Idaho, for example, really did postpone its efforts to set up a state-based exchange system for a year, and Oregon really put off the launch of its exchange website for a few weeks, until late October.

The U.S. Department of Health and Human Services (HHS) did not really suddenly, furtively increase out-of-pocket maximums for health plan enrollees this week, even though media reports made it sound as if it had.

Figuring out how to write about, for example, a 300-page regulation rough draft is complicated.

It’s much, much easier to search for references to terms such as “transition relief” and “postpone” and write about delays in implementation than to figure out what the stuff in the other 298 pages of the regulation could do.

To the extent that PPACA is a gladiatorial contest between the Obama administration and the Republicans, noticing implementation delays is a bit like detecting beads of sweat on a gladiator’s brow. Maybe it’s a sign the gladiator is weakening.

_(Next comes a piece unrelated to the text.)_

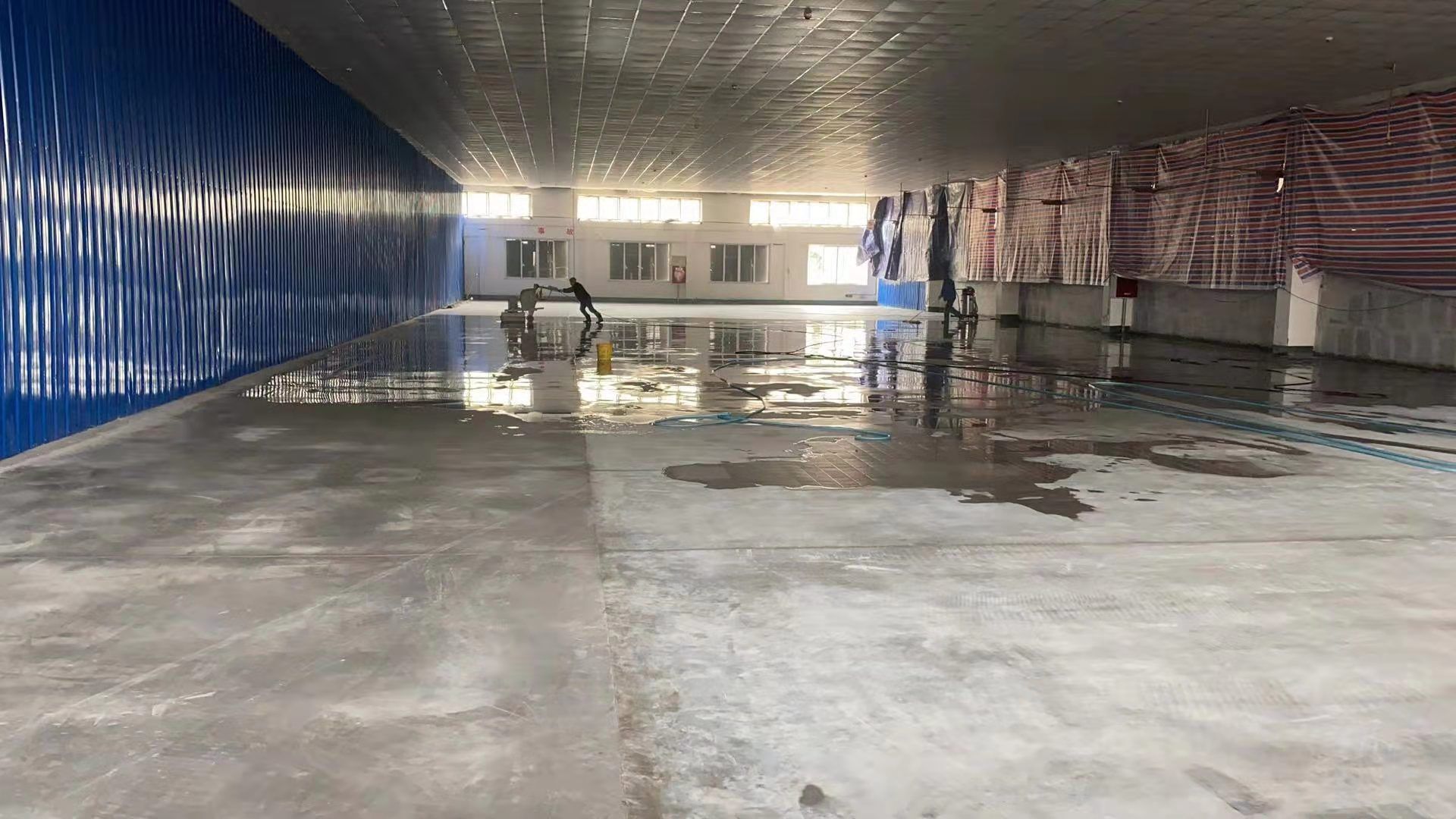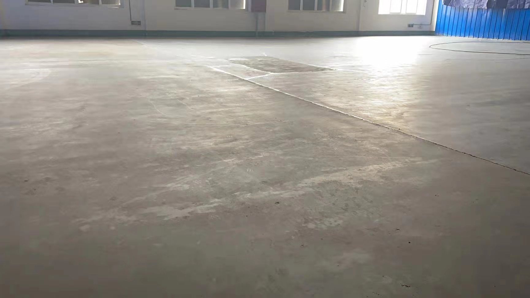 庫房固化地坪施工完成,周轉框清洗新打地坪伸縮縫切割完成。

To the extent that people in the health insurance community are trying to look at the PPACA health insurance market rules and exchange system with some level of professional detachment, it seems to me that the goal should be, of course, to kill off what you think you can and should kill off, but to see any parts that survive implemented as quickly and as well as possible.

On the one hand, if you think PPACA is a mess, how could you really object if PPACA (or part of PPACA) came to life quickly and turned out to work great? Learning to sell more disability insurance and critical illness insurance, or more fee-paid patient advocacy services, might be challenging, but not as challenging as being a sick person without access to health insurance and health care.

On the other hand, if PPACA is as bad as many readers here think it is, then I think it’s in their interest, and the country’s interest, for officials to get the exchange system and market rules implemented as quickly and as smoothly as possible, so we see that PPACA has had a fair shot to work and doesn’t. In that situation, the sooner groups like America’s Health Insurance Plans, the National Association of Health Underwriters and the National Association of Insurance and Financial Advisors roll out PPACA II alternative plans, the better.

On the third hand, letting PPACA wreck the commercial health insurance market without creating a viable alternative could be painful for both the patients and insurance brokers.

But the trip through what critics fear will be a Health Reform House of Horrors has been on the calendar for 40 years. Maybe it’s time to see what the house looks like and figure out whatever will come next.